Material for this task:
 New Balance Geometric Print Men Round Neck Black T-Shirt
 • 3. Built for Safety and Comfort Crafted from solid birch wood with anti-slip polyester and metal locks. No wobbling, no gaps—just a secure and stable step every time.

...

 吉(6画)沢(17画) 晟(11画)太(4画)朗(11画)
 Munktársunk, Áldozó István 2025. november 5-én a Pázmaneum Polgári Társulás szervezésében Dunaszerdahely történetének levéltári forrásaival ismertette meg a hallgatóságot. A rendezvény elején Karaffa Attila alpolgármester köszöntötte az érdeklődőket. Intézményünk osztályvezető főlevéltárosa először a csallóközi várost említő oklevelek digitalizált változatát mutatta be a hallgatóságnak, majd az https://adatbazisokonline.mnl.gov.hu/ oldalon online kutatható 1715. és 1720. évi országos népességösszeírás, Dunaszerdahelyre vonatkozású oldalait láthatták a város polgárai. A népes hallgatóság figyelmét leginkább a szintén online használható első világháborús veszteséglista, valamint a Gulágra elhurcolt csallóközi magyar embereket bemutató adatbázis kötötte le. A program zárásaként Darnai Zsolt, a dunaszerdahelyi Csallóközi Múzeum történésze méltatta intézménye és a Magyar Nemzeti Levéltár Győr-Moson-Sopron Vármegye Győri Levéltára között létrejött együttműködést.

Aim of the exercise: Look above for the line with "New Balance Geometric" and the line with "step every time."; transcribe both and all lines in between, exactly, and nothing else.

Task answer:
 New Balance Geometric Print Men Round Neck Black T-Shirt
 • 3. Built for Safety and Comfort Crafted from solid birch wood with anti-slip polyester and metal locks. No wobbling, no gaps—just a secure and stable step every time.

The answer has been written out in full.